NXP brought its new i.MX M8 Series application processors for IoT devices to CES, unveiling four models for audio, vision, and voice processing. Each IC has up to four 1.5-gigahertz ARM Cortex-A53 and ARM Cortex-M4F cores, along with full 4K UltraHD resolution and HDR video quality, and up to 20 audio channels and DSD512 audio.

Steve Roddy, senior group director, Tensilica marketing, at Cadence Design Systems, sees “an explosion of heterogeneous processing elements” in mobile processors, as “the number and complexity of digital signal processors really take off.” Mobile processors now are “always on, always listening,” he observes.

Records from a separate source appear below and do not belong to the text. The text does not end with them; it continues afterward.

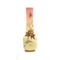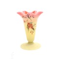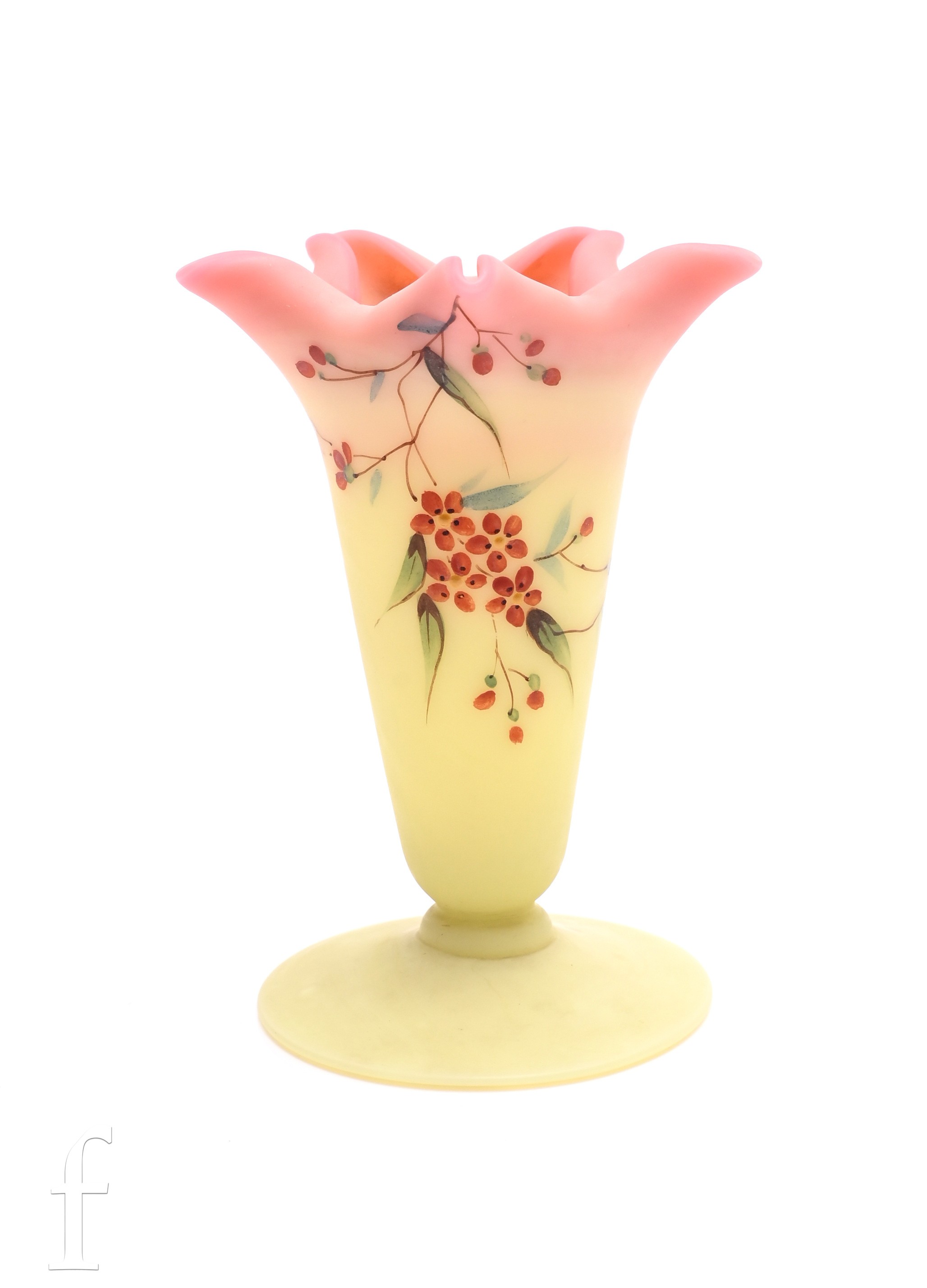 A late 19th Century Thomas Webb & Sons Queen's Burmese ware glass vase of flared form with folded and pulled rim on round foot, decorated with enamelled floral design, acid mark to base, height 10cm.
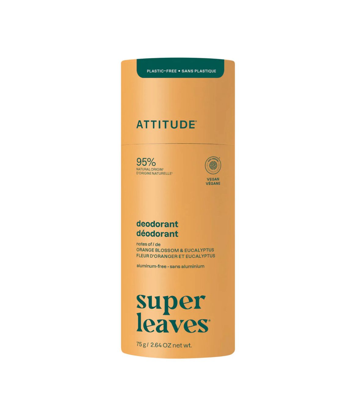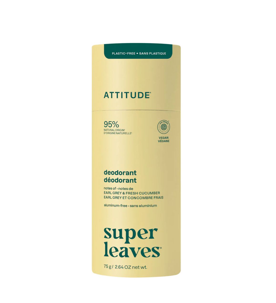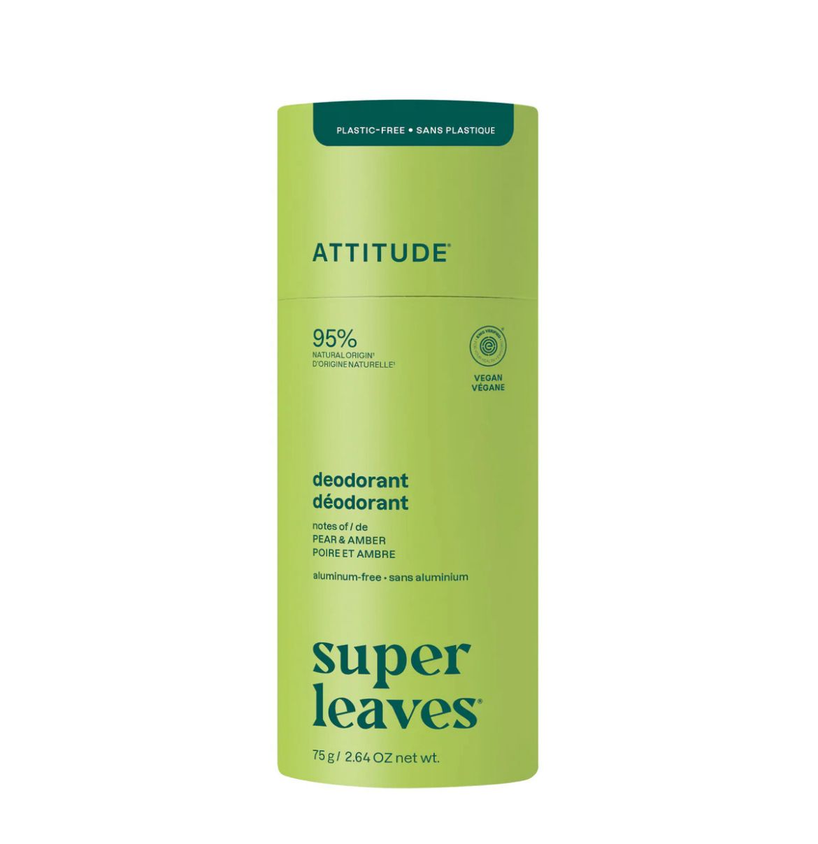 El desodorante natural libre de plástico de Attitude utiliza un empaque biodegradable, es libre de aluminio y esta elaborado con ingredientes naturales.
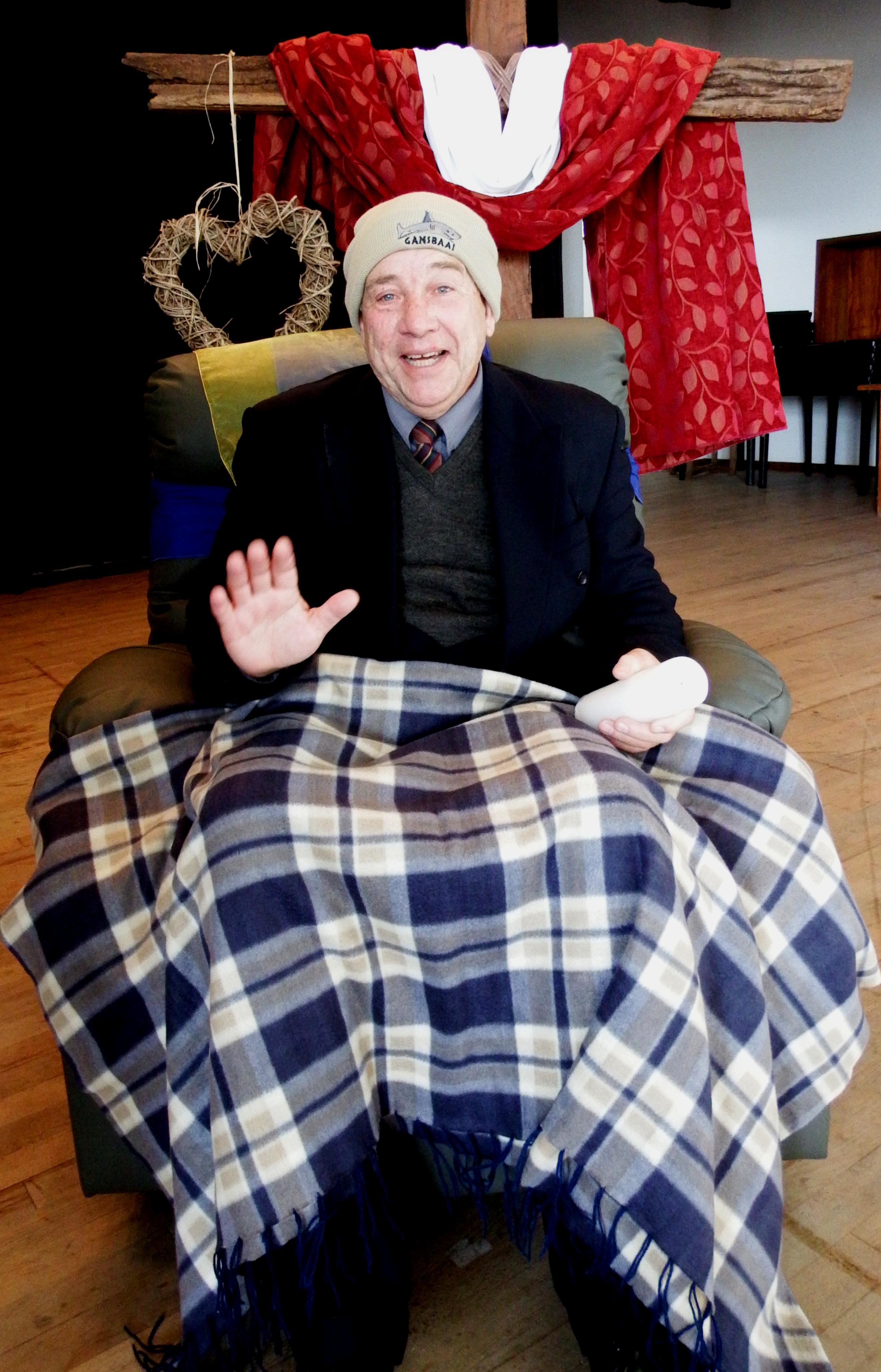 Fransil Kotze het namens die Vroue-diens, met ‘n by-drae deur Herberg-aan-See, ‘n groot en pragtige ge-makstoel as af-skeidsgeskenk aan dr Bobo oor-handig. Die dames het ‘n stappie verder gegaan en vir hom ‘n mussie en ‘n kniekombers as bykomende “toerusting” vir die stoel gegee. Dr Bobo is te Postmansburg in die Noord-Kaapland gebore en deurloop sy skoolloopbaan (sub A tot matriek - 1973) aan die Hoërskool Olifantshoek, waarna hy die kwalifikasies BA Hons: Filosofie en DTh verwerf. Hy is in 1981 gelegitimeer, met sy eerste gemeente te Lambertsbaai (1984-1993). 18 jaar gelede aanvaar hy ‘n beroep na Gansbaai, waar hy op 1 Julie 1997 in sy amp bevestig word. Dr Bobo en sy eggenote, Mickey het drie seuns, Jaco, Jasper en Willie, met al drie wat in Gansbaai grootgeword het. Dr Bobo sal deur gemeentelede, maar ook in die gemeenskap, onthou word as leraar, bedienaar van die Woord, mentor en vriend. Die egpaar beplan om na Lambertsbaai te verhuis, wat ook sy eerste gemeente was.
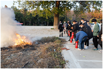 为保证本次活动顺利进行,安全管理部对演练场地进行提前勘察,做好应急方案及措施,以应对各种突发情况。活动伊始,安全管理部消防科科长王新稳向师生讲述了火灾的危害以及校园消防安全的重要性,详细讲解了如何预防火灾的发生以及火灾发生时身处各种情况下该如何进行正确的自救。随后,工作人员通过模拟火灾发生现场,分类介绍灭火器的种类,亲自示范灭火器的正确使用方法步骤。师生在现场工作人员的悉心指导下进行了体验,圆满地完成了本次灭火演练。
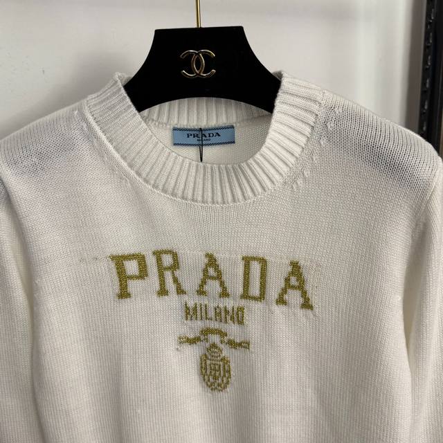 Style No. 20258306 prad* New Glitter Jacquard Letter Pullover Long-Sleeve Knit Sweater, White, Red, Blue, One Size: Shoulder Width 36cm, Chest 86cm, Sleeve Length 58cm, Length 52cm; Weight: 0.355Kg DDD
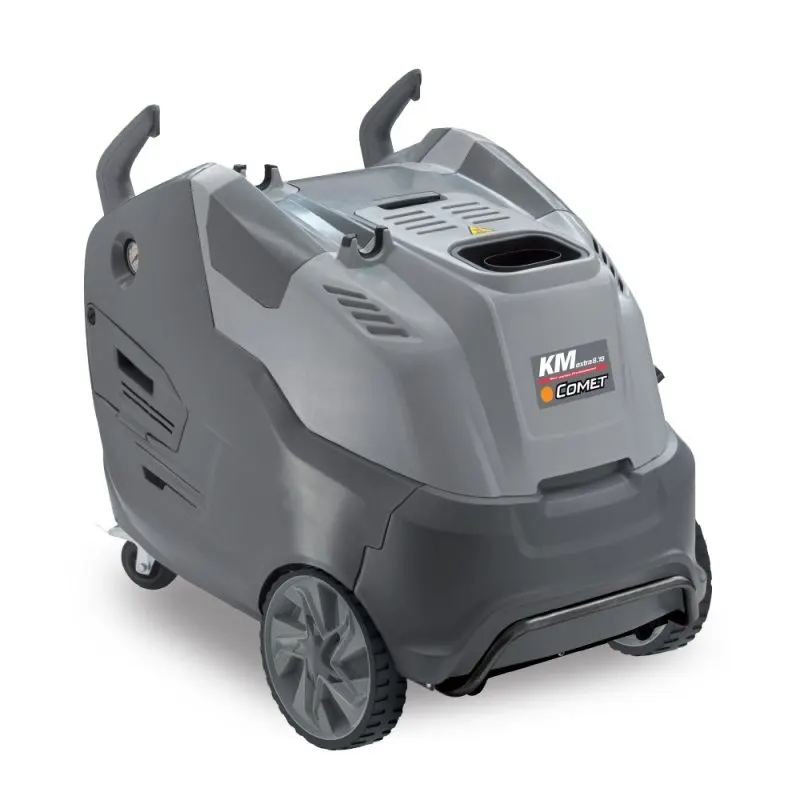 La hidrolavadora Comet KM EXTRA 8.16 16/200 T es ideal para aplicaciones de limpieza profesional intensiva, con un diseño robusto y avanzado que incluye una bomba triplex con pistones cerámicos y tapa de bronce. Su tanque de gasoil de 18 litros con flotante y filtro de llenado permite largas jornadas de trabajo sin interrupciones, mientras que el sistema de aspiración de detergente en alta presión, con caudal regulable, facilita la conexión a un tanque externo para aplicaciones especializadas. Con un dispositivo anti-sarro integrado y una cisterna de 2.5 L, el equipo está protegido contra depósitos minerales, lo que aumenta su durabilidad y rendimiento. El motor trifásico de 1400 RPM, junto con la válvula de regulación profesional, asegura una operación continua y estable. Además, el sistema electrónico PID de control de temperatura y la función de funcionamiento a vapor brindan una limpieza profunda y segura, con una caldera protegida por un encendido temporizado y un quemador controlado por caudalímetro. La Comet KM EXTRA 8.16 16/200 T es una herramienta fiable para quienes necesitan una limpieza profesional y eficiente.
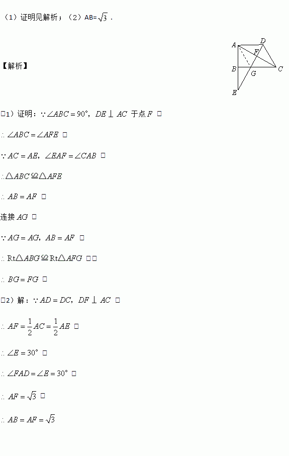(1)证明见解析;(2)AB=. 【解析】 (1)证明:于点, . , . 连接, , .) . (2)【解析】 , . . , .
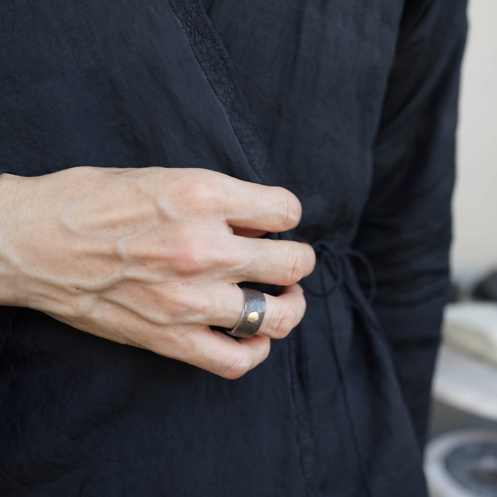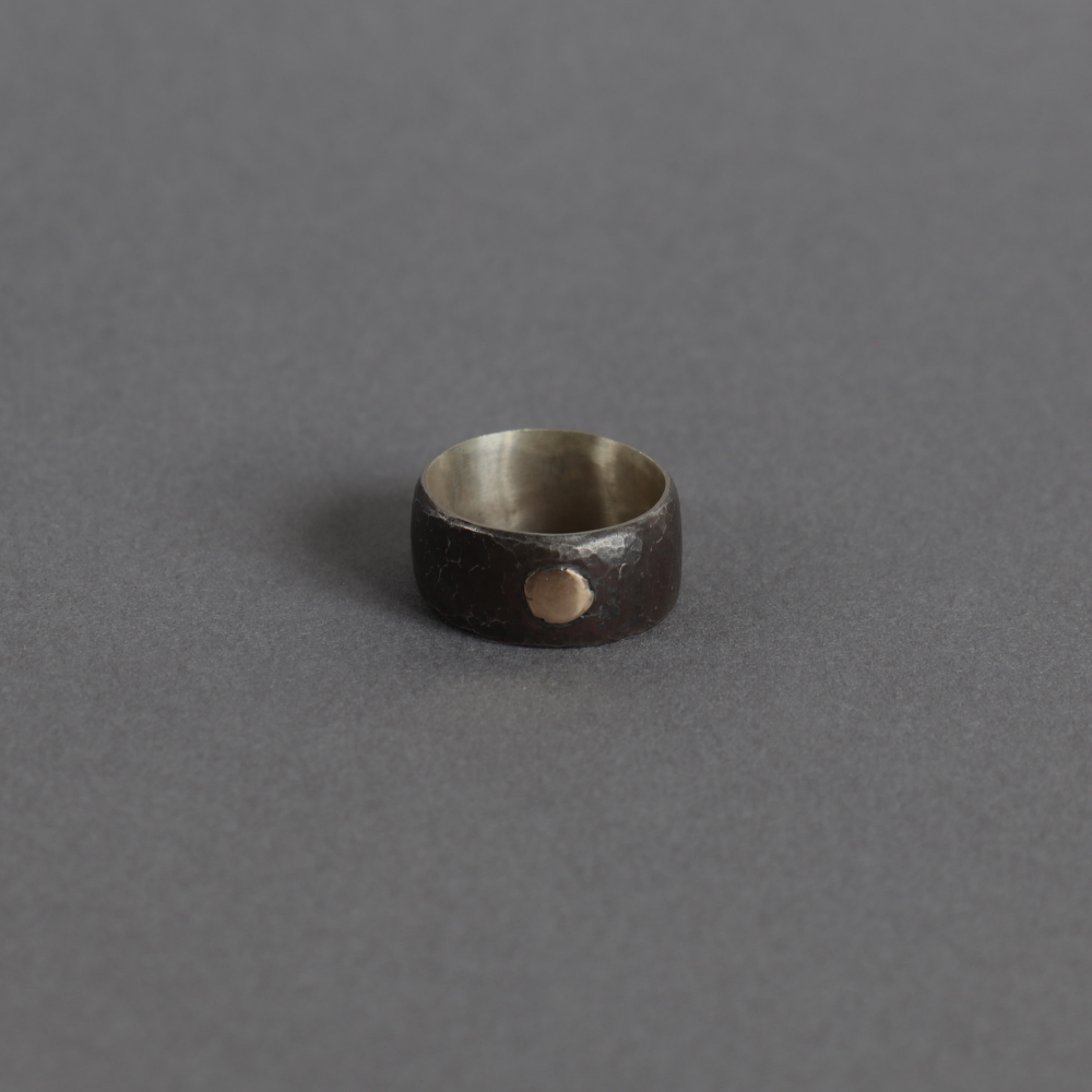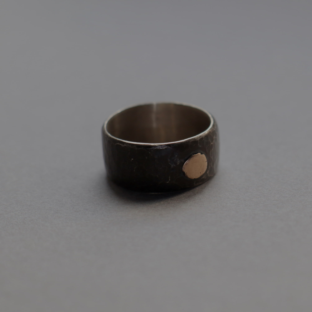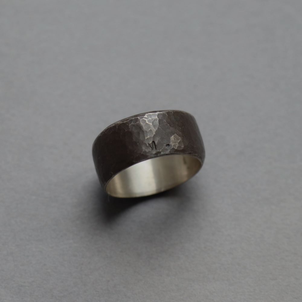 ハンマード仕上げに"いぶし銀"加工を施したリングはマットな表情。メラニーの燻しは柔らかなブラウン系です。ややふっくらとしたボディでハンマードしたエッジにわずかな「あたり」が出ており、良い風合い。
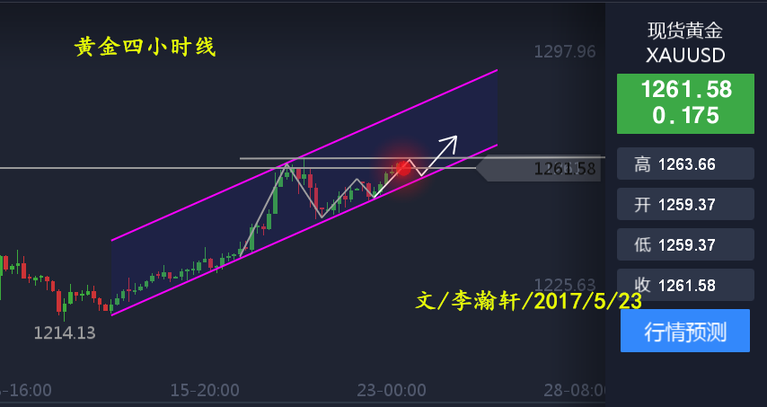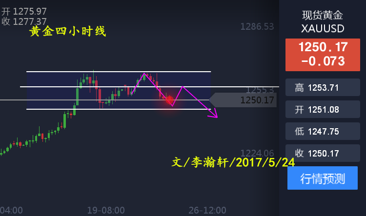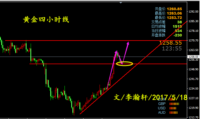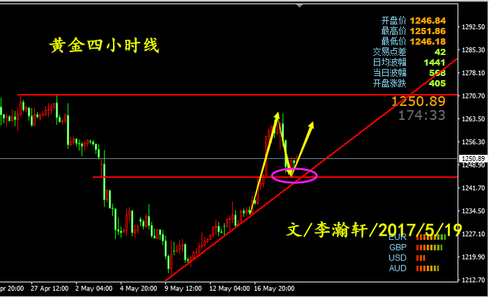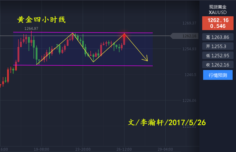 大涨过后遇强阻,回撤转阴要调整!强烈的上涨需要基本面的推动,有效的下行需要阻力位的压制。昨日黄金市场延续此前强势格局盘中上探至1264美元高点,呈现单边上涨后在此承压回撤,后夜时段最低探至1245美元,跟随空头步伐,利润手到擒来。继周三盘黄金受到风险事件影响转而大涨后,之后所表现出的强势被乏力的态势所替代,
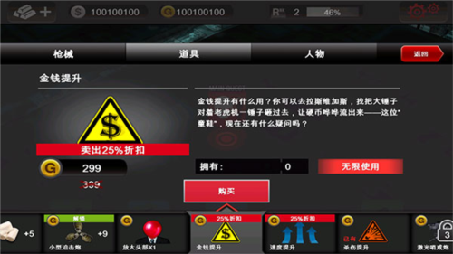 2、商店里出售主副武器,功能性物品,以及回血的绷带等,分为游戏币和金币两种购买方式,随着等级的提升,会解锁更高级的枪支以及装备物品。
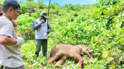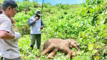 "Tim berhasil menemukan anak gajah liar tersebut dan melakukan upaya pembiusan untuk dapat dilakukan penanganan medis dan pelepasan jerat yang masih menempel di belalainya," kata Agus Arianto.
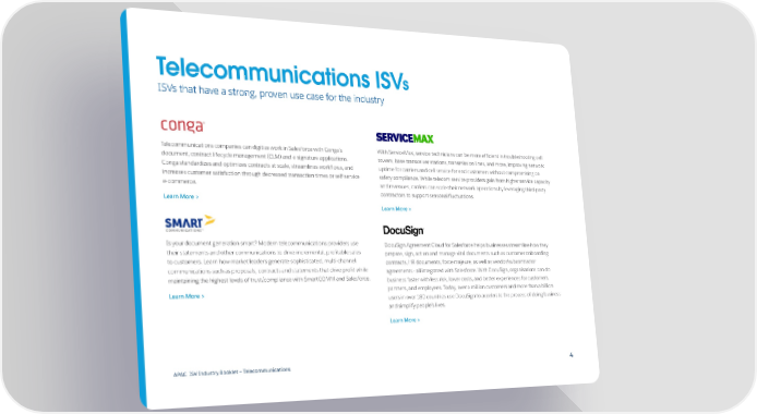 Telecommunications ISVs ISVs that have a strong, proven use case for the industry Telecommunications companies can digitize work in Salesforce with Conga’s With ServiceMax, service technicians can be more efficient in troubleshooting cell document, contract lifecycle management (CLM) and e-signature applications. towers, base transceiver stations, transmission lines, and more, improving network Conga standardizes and optimizes contracts at scale, streamlines workflows, and uptime for carriers and cell service for end customers without compromising on increases customer satisfaction through decreased transaction times or self-service safety compliance. While telecom service providers gain from higher service capacity e-commerce. and revenues, carriers can scale their network operations by leveraging third-party contractors to support seasonal fluctuations. Learn More > Learn More > Is your document generation smart? Modern telecommunications providers use DocuSign Agreement Cloud for Salesforce helps businesses streamline how they their statements and other communications to drive incremental, profitable sales prepare, sign, act on and manage vital documents such as customer onboarding to customers. Learn how market leaders generate sophisticated, multi-channel contracts, HR documents, force majeure, as well as vendor/subcontractor communications such as proposals, contracts and statements that drive profit while agreements - all integrated with Salesforce. With DocuSign, organisations can do maintaining the highest levels of trust/compliance with SmartCOMM and Salesforce. business faster with less risk, lower costs, and better experiences for customers, Learn More > partners, and employees. Today, over a million customers and more than a billion users in over 180 countries use DocuSign to accelerate the process of doing business and simplify people’s lives. Learn More > APAC ISV Industry Booklet — Telecommunications 4

The Google Translate service currently runs on convolutional neural networks, Roddy notes. The upgrading of the language translation service now depends upon “how many compute islands are available,” he says. This kind of data processing is “more than megahertz,” he comments.

While processors are getting brawnier, their power efficiency is advancing by 20x, according to the Cadence executive. “We still need general-purpose CPUs,” he adds. At the same time, specialization for processors is requiring “more and more complex use cases,” Roddy says.

Today’s mobile processors are doing a lot more than taking selfies, though. Application processor companies are building on their research and development investments for handsets by “repurposing chipset devices” for other applications, notably automotive/infotainment electronics, drones, IoT, and security cameras, Roddy says.